The most exciting race occurred on the second day of the Sweepstakes. Before the contest began, Sir William announced that the prize for the winner would include champagne, six leather shirts, one pair of pistols, Indian trinkets, and two mules. The value of the prize goods amounted to nearly $500. Anxious to win, the riders arranged their horses along the starting line. Jack Robertson, Sir William, Graham, and Miles Goodyear--the man who later became known as the first white settler of Ogden--were all popular participants in the race. The most noticeable rider, however, was a Snake Indian named Tom who was riding for Colonel Sublette on his sorrel horse. Tom rode naked except for a red handkerchief around his groin. His presence drew a large crowd of Snake Indians who came to support their fellow tribesman.

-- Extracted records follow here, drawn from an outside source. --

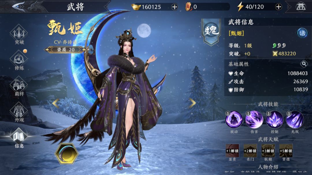 甄姬则是作为一个法师英雄,有着超强的控制能力,可以大范围的冰冻对手,并造成不俗的伤害,实为国战的一大利器,推荐程度★★★★★
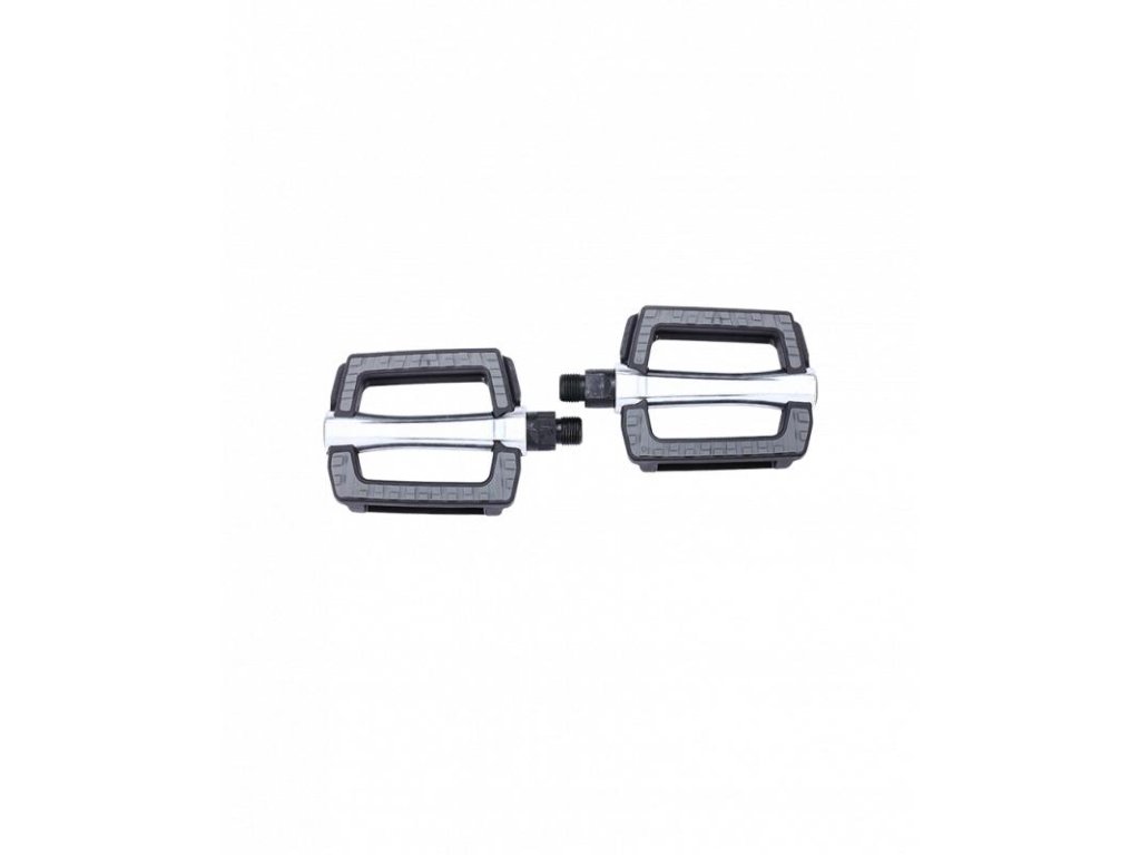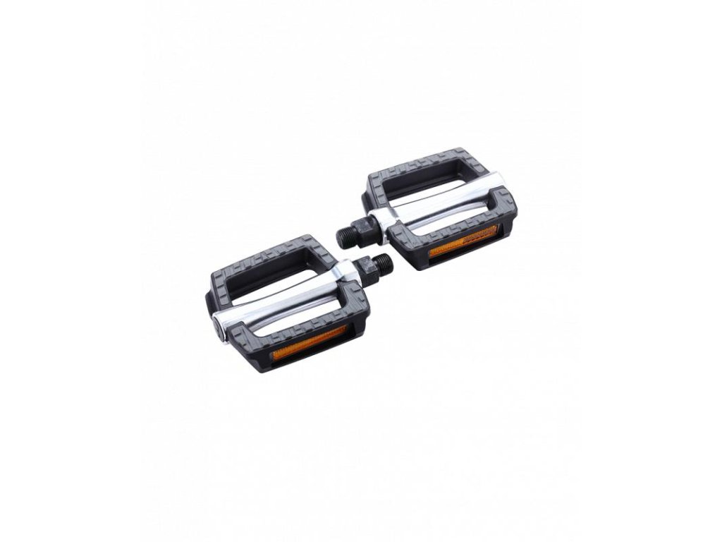 Hliníkové tělo s lehkou a odolnou klietkou. Gumový protiskluzový povrch. Boronová oska. Kuličková ložiska. Oboustranná odrazová sklíčka pro extra viditelnost.
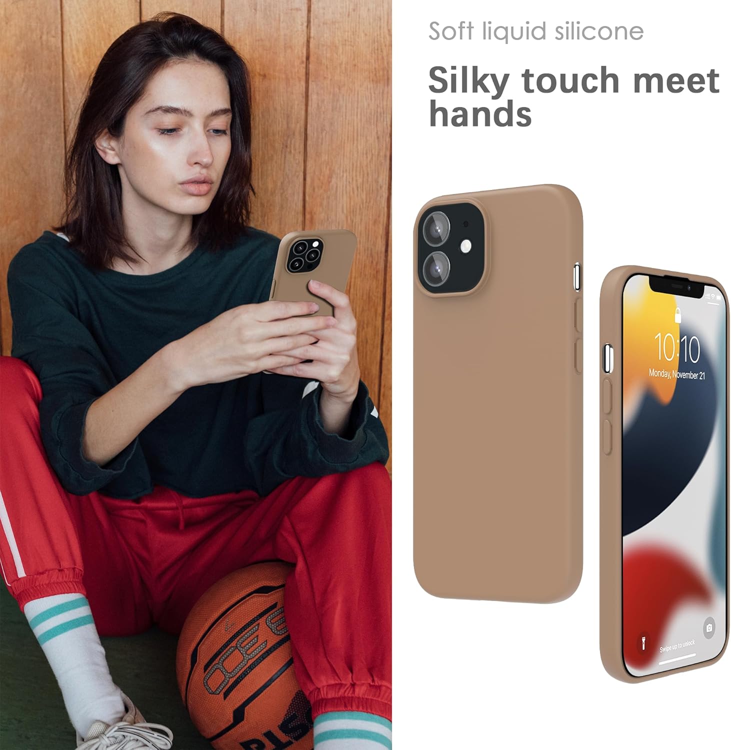 YATWIN Кейс за iPhone 12 Mini, Премиум силиконов калъф за мобилен телефон с копринено меко покритие, Ултра тънък, Удароустойчив, Устойчив на надраскване, Защитен калъф, Чай от мляко
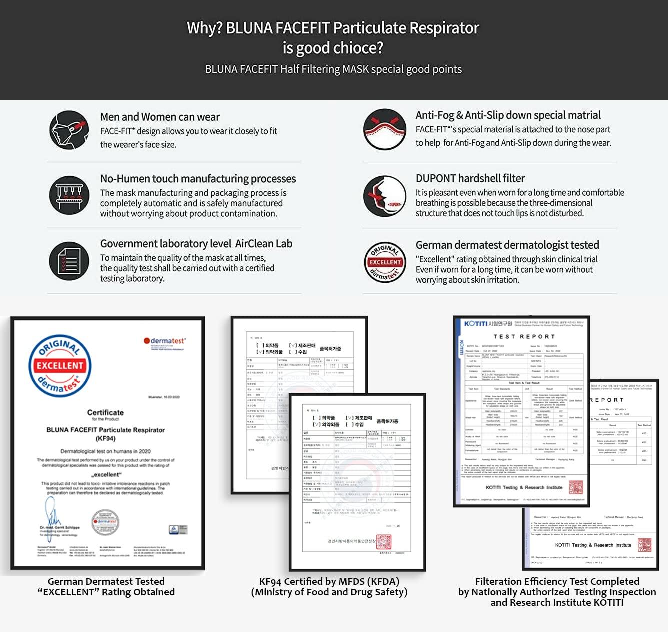 - [PREMIUM QUALITY] KF94 Rating Certified in South Korea with Many Other Certificates - Please see List of Certificates provided on product image.
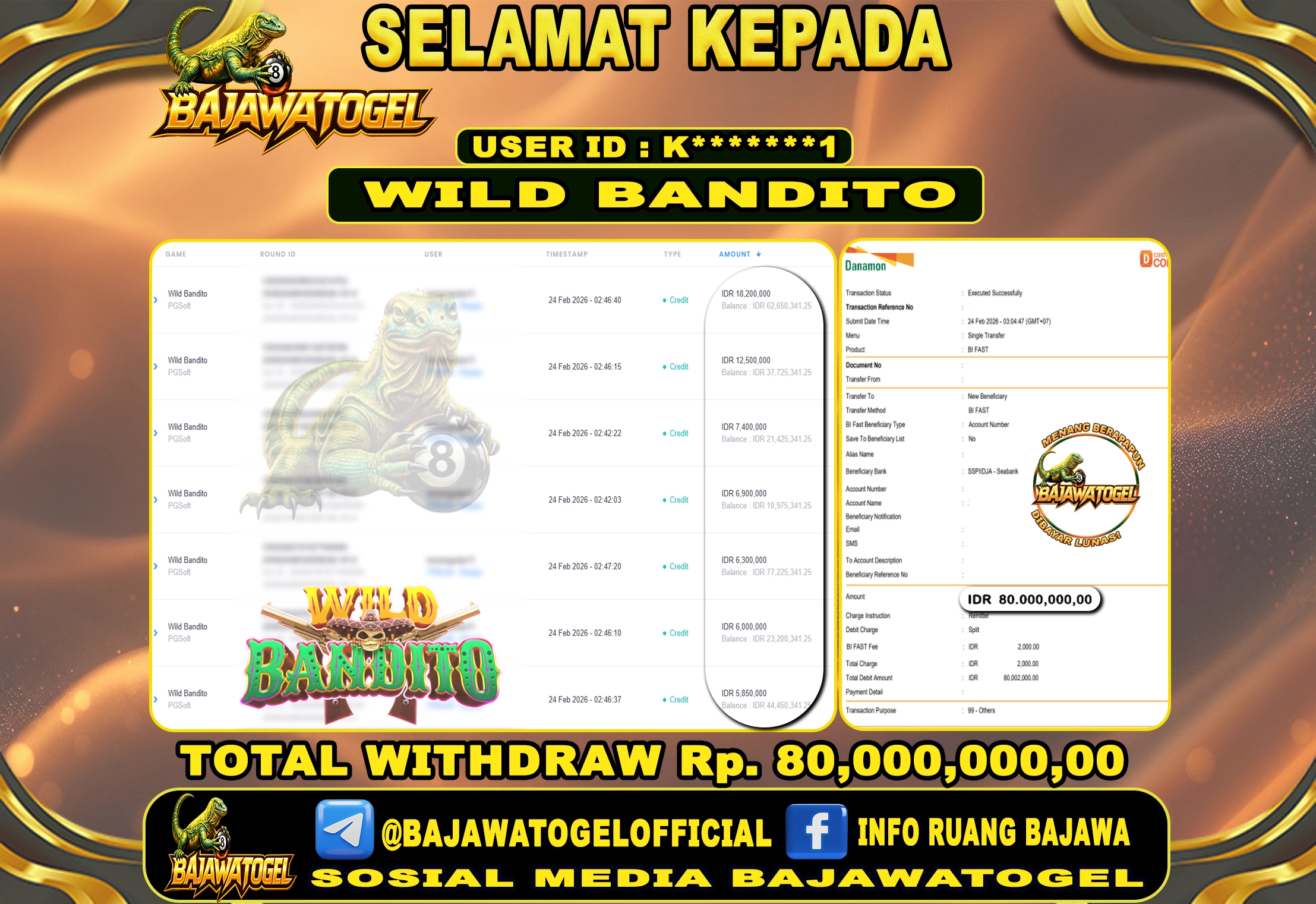 BUKTI JACKPOT SLOT WILD BANDITO RABU, 25 FEBUARY 2026 Rp.80.000.000 - LUNAS

With a tap of a tin pan the race began. Tom's horse darted ahead of the others and quickly gained a lead of 30 yards. Excited, the Snake fans rode along the track to encourage their speeding rider. Meanwhile, the other rider trailed behind. Graham's horse fell on a pole and broke its collar bone. A medic, Dr. Tilghman, rushed to the scene to tend to the rider. But Tom sped on. When he neared the finish line, he rose in his stirrups, threw back his head, and tossed his arms gracefully in the air. Field recorded that "he made a picture of wild grace and grandeur that threw us all into loud shouts of admiration." As if he were planning never to come back, Tom passed the judge's stand and rode on for nearly 30 yards. He won the race at record speed of two minutes and five seconds.

The Rocky Mountain Sweepstakes ended the next day on August 17, 1843. Though several races had taken place during the three-day event, the most memorable was the one that marked the triumph of "Indian Tom." This race, as well as the weeks preceding the Sweepstakes, represented a moment of union among Native Americans, fur traders, and Europeans. In a sense, Sir William succeeded in operating one of Utah's first international sporting events.

Sources: J. F. McDermont and Kate L. Gregg, eds., Matthew Field: Prairie and Mountain Sketches (Norman: University of Oklahoma Press, 1957); LeRoy R. Hafen, ed., The Mountain Men and the Fur Trade of the Far West 10 vols. (Glendale, Calif.: Arthur H. Clark, 1965-72), see "Miles Goodyear" in vol. 7; Dale L. Morgan, "Miles Goodyear and the Founding of Ogden," Utah Historical Quarterly 21 (1953).